An empty stomach can’t be negotiated with and quality of life begins with access to food. Combined with rising costs of living, sooner or later the idea of having a right to adequate nutrition may become far more urgent. Starvation quickly ceases to be an abstract concept as soon as it’s happening to you – and in the years to come it may not just be self-evident in rural villages, but in large urban centres as well.
As the human population expands, the question of how we can feed the world sustainably in the future is pressing. The challenge of distributing resources and feeding a growing global citizenry in order to create a just world with less hunger and mitigate environmental problems has never been more relevant. Therefore changes that we make to our lifestyles and policies in this decade are pivotal.
It is expected that the world population will grow by more than 30 percent by 2050, with around 11-13 billion people on the planet by 2100. Achieving food security for everyone is by no means a simple task when you consider that globally nearly 815 million people are undernourished, and the poorest and most vulnerable communities are disproportionately impacted.

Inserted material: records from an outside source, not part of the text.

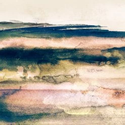 This beautiful, expansive framed canvas wall art features a blend of watercolors in natural hues with pops of blue and green. This abstract wall decor in three sizes is printed on canvas and accented by a natural wood frame, bringing movement and a modern touch to your home.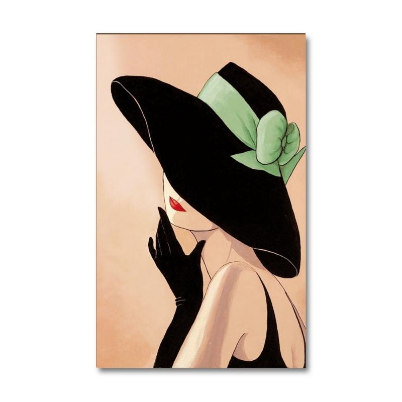 Vera Yeşil Fiyonk Şapkalı Kadın Baskılı Retro Ahşap Tablo HK1309
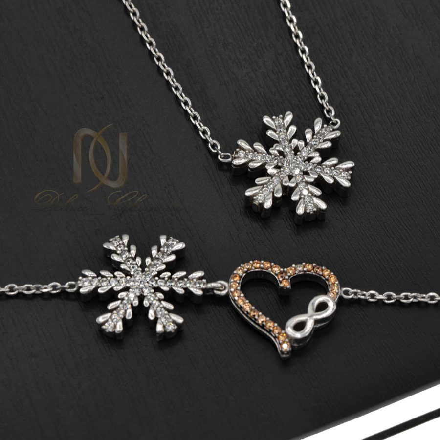 دستبند قرار گرفته شده بر روی ست دستبند و گردنبند دخترانه دارای طولی به اندازه 17 سانتی متر می باشد که در انتهای آن زنجیر اضافی 4 سانتی برای افزایش سایز در نظر گرفته شده است. طرح این دستبند نیز به صورت تلفیقی از برف، قلب و طرح بی نهایت می باشد. البته باید این نکته را یادآوری کنیم که نگین های قرار گرفته شده بر روی مهره های برف به رنگ سفید و نگین های استفاده شده بر روی قلب به رنگ شامپاینی می باشد که همگی از نوع برلیان اتمی هستند. زنجیر قرار گرفته شده بر روی ست دخترانه طرح برف ns-n493 دارای طول 45 سانتی متری با قفل حلقه فنری می باشد.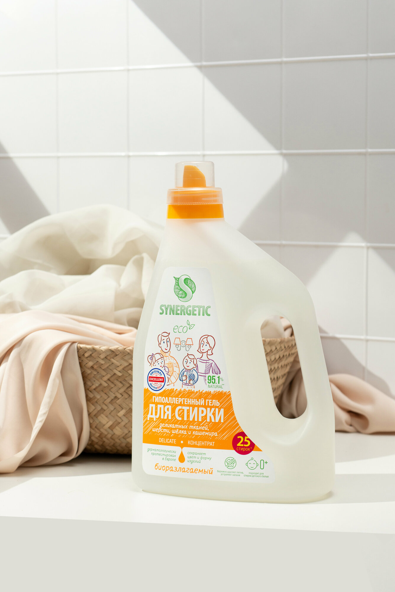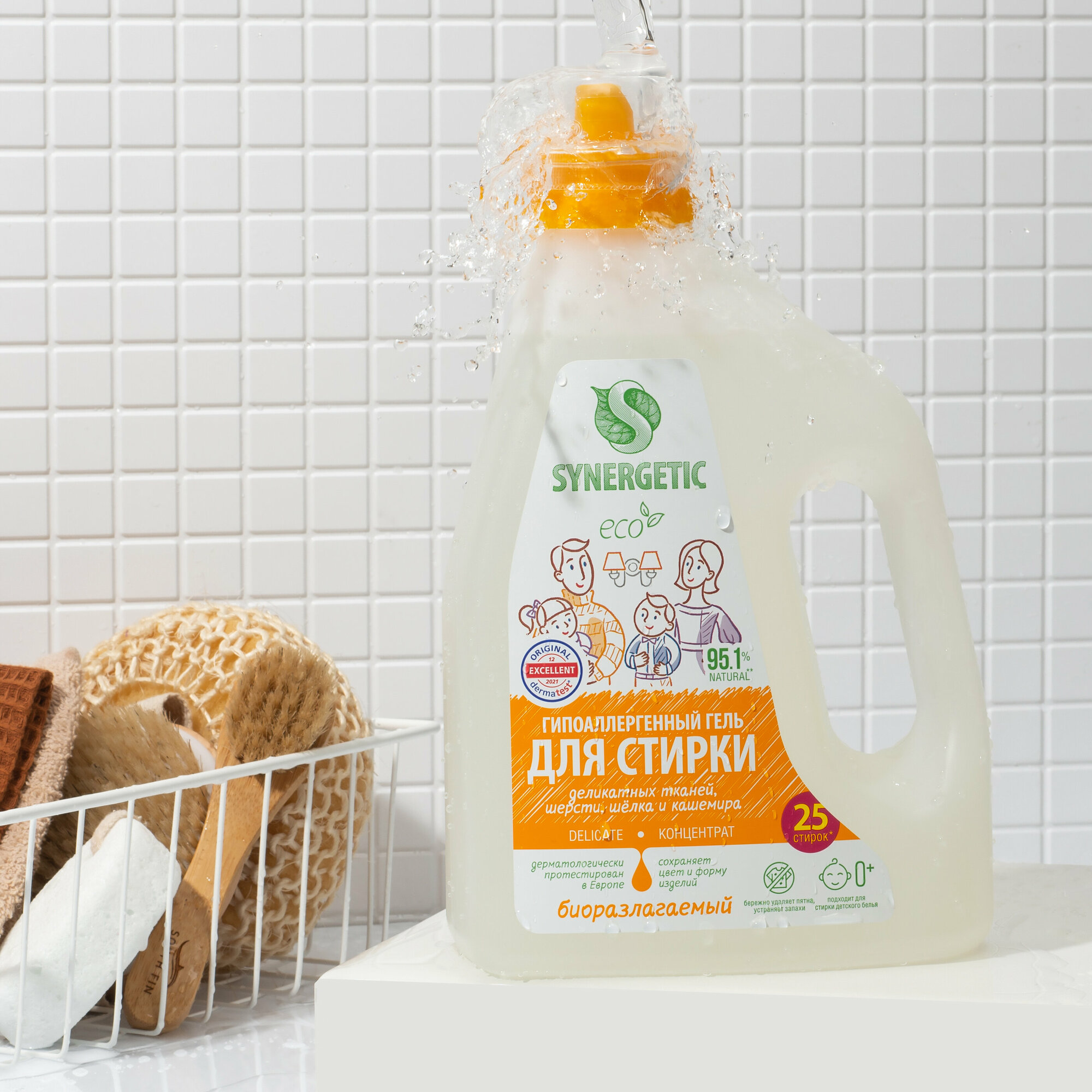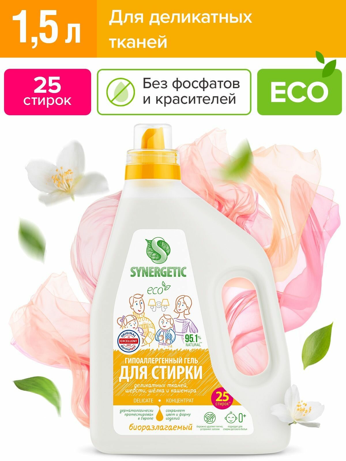Биоразлагаемый концентрированный гель для стирки SYNERGETIC DELICATE, 1,5 л (25 стирок)

Sub-Saharan Africa is a hotbed of chronic hunger, with 226.7 million people starving on the continent. According to the World Health Organisation in 2022, approximately 390 million adults aged 18 years and older worldwide were underweight, with nearly half of deaths among children under 5 years of age linked to undernutrition, particularly in low-income countries. In the same year, nearly 258 million people across 58 countries experienced crisis-level food insecurity or worse, according to the World Food Programme.
The developmental, economic, and social impacts of global malnutrition are serious and enduring. For millennia anthropogenic forces have pressured the environment into a crucible of rapid change which will significantly impact land-availability, agricultural outputs, water resources and human movement over the next century. Keeping up with worldwide caloric demands will be increasingly burdensome.
The problem, however, is not that we don’t or can’t have enough food; it’s in what we eat. The real, egregious waste occurs in animal agriculture. Over 50 percent of the world’s crops are grown to feed livestock, not people. If all crops were used exclusively for direct human consumption, it would increase available food calories by 70 percent, which would mean that an additional 4 billion people could be fed. Following a plant-based diet more than 10 billion people could be nourished using existing agricultural land.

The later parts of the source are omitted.